====== Extracted material ======

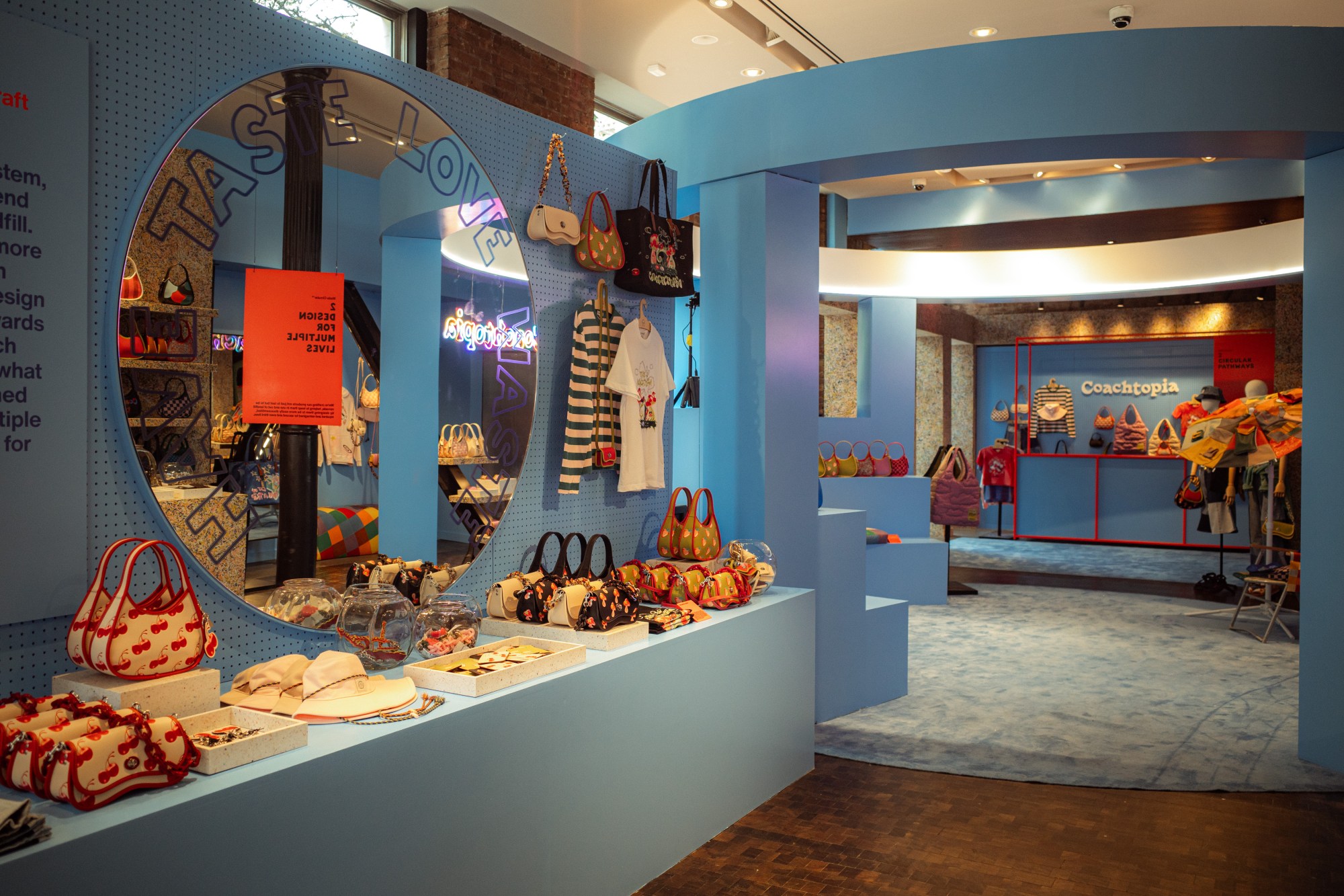 Last Thursday, Coach threw a cute little party on Prince Street to celebrate the opening of their Coachtopia pop-up shop in SoHo. Showcasing their new sub-brand launched earlier this year, which focuses on circular craft and collaborative creativity, the New York store was transformed to reflect Coachtopia’s refreshing and imaginative vision — that of transitioning towards a more circular economy in fashion, by producing ready-to-wear, bags and accessories from recycled materials and leather fabrics made from at least 50% waste. Peer into the shop and you’ll see Coachtopia’s perfectly practical Ergo bags, in brightly coloured leathers and playful prints — graphic cherries, berries and checkers — as well as one-of-a-kind pieces by artists and Coach collaborators Skilset and Nicole McLaughlin, but it’s best you head on down and check out all the new goodies yourself. ND
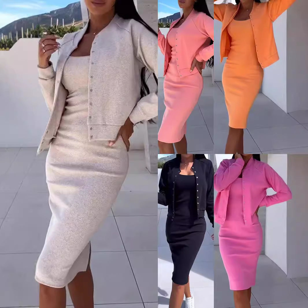 Egy dögös kétrészes szett harisnyaszoknyával és kabáttal
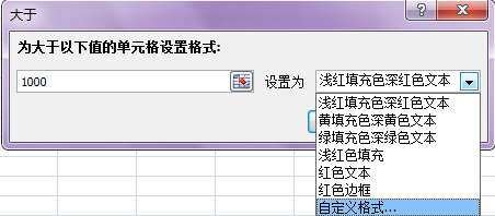 4、在“為大于以下值的單元格設(shè)置格式”框中輸入“1000”。
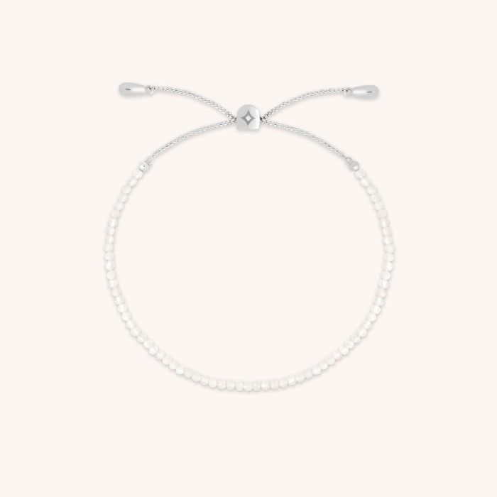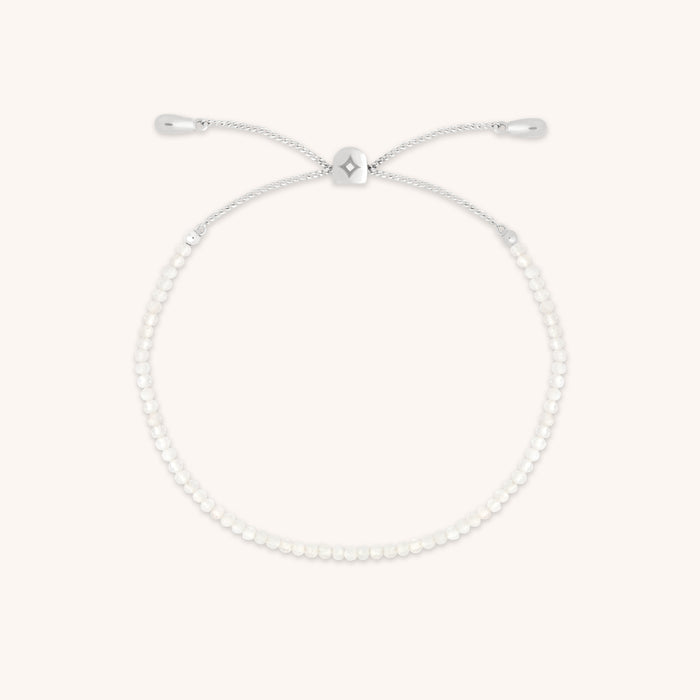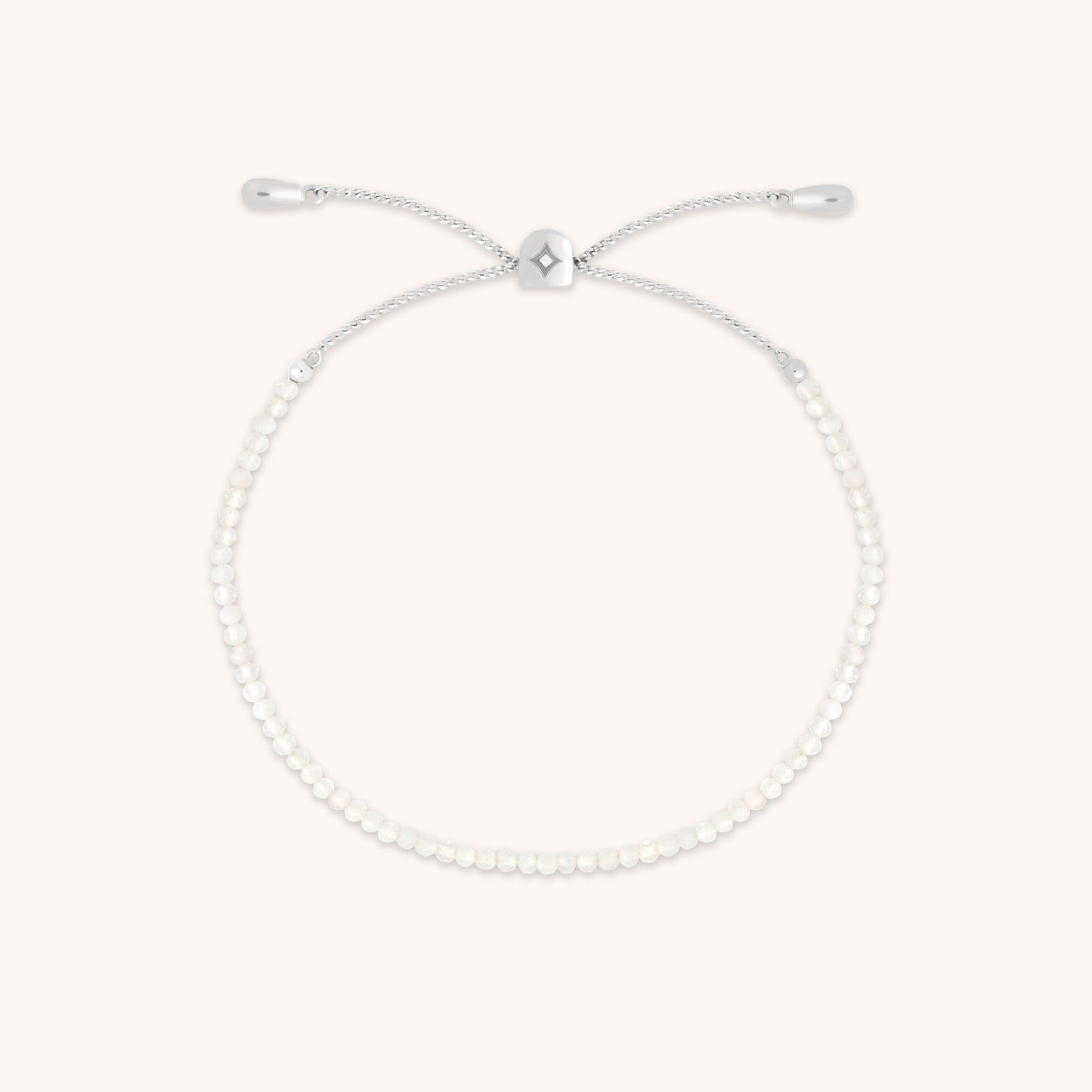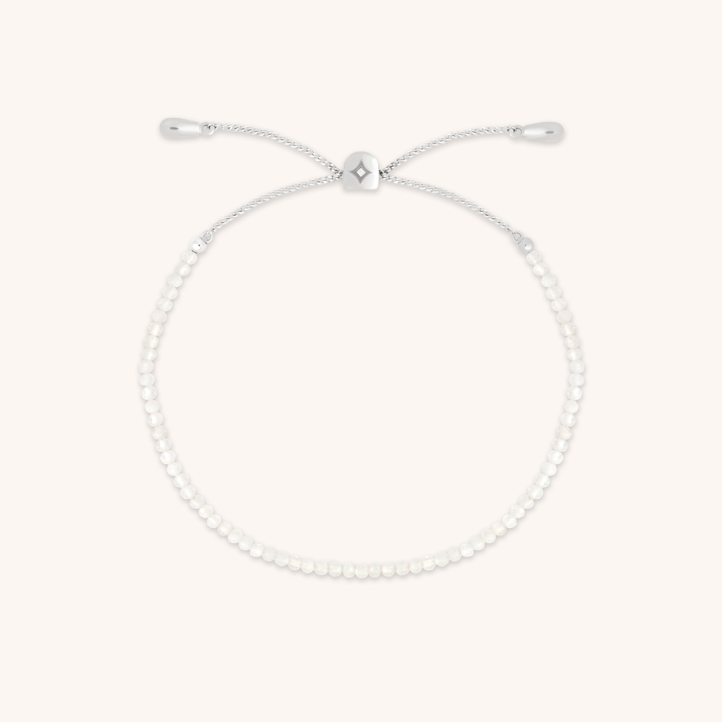 Moonstone June Beaded Birthstone Bracelet in Solid White Gold
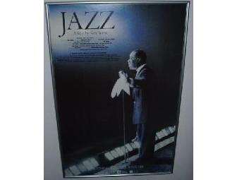 Jazz great Louis Armstrong is depicted in this poster signed by filmaker Ken Burns from his PBS documentary series, "Jazz". This 26" x 39" poster of the late, great "Satchmo" is a black and white photo of Armstrong which was designed to publicize the original PBS broadcast in 2001. It contains text, credits, airdate and Ken Burns' signature.
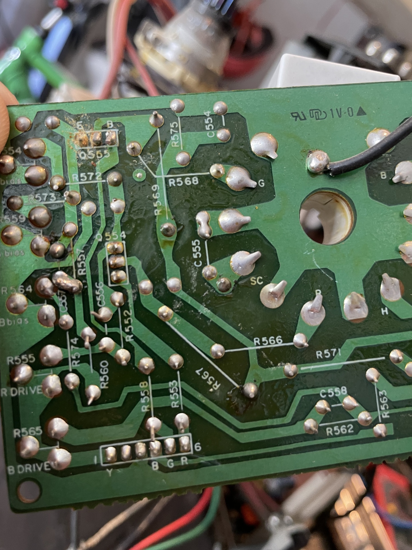 Azonban nem, vagy nem csak a piros csatornàval volt probléma hanem szerintem a zöld tranzisztor volt úgy gondolom hogy az időtől és a fluxtol zárlatos. Ezért a képen nem nagyon látszott piros szín hanem minden erős zöld árnyalatú volt. Ujraforrasztottam mindhárom tranzisztort, és izopropillal és egy fogkefével letakarítottam az elektronikát. Szerintme most rendben van
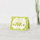 Bebês gêmeos bonitos em uma vagem de ervilha com faixa de chá de fraldas e fundo de poca-dot verde, obrigado bilhete.

======

Exercise requirements =>
Repeat, with no pictures, each line from the beginning of the data through the line containing "Moonstone June Beaded", inclusive.

Response box =>
 Last Thursday, Coach threw a cute little party on Prince Street to celebrate the opening of their Coachtopia pop-up shop in SoHo. Showcasing their new sub-brand launched earlier this year, which focuses on circular craft and collaborative creativity, the New York store was transformed to reflect Coachtopia’s refreshing and imaginative vision — that of transitioning towards a more circular economy in fashion, by producing ready-to-wear, bags and accessories from recycled materials and leather fabrics made from at least 50% waste. Peer into the shop and you’ll see Coachtopia’s perfectly practical Ergo bags, in brightly coloured leathers and playful prints — graphic cherries, berries and checkers — as well as one-of-a-kind pieces by artists and Coach collaborators Skilset and Nicole McLaughlin, but it’s best you head on down and check out all the new goodies yourself. ND
 Egy dögös kétrészes szett harisnyaszoknyával és kabáttal
 4、在“為大于以下值的單元格設(shè)置格式”框中輸入“1000”。
 Moonstone June Beaded Birthstone Bracelet in Solid White Gold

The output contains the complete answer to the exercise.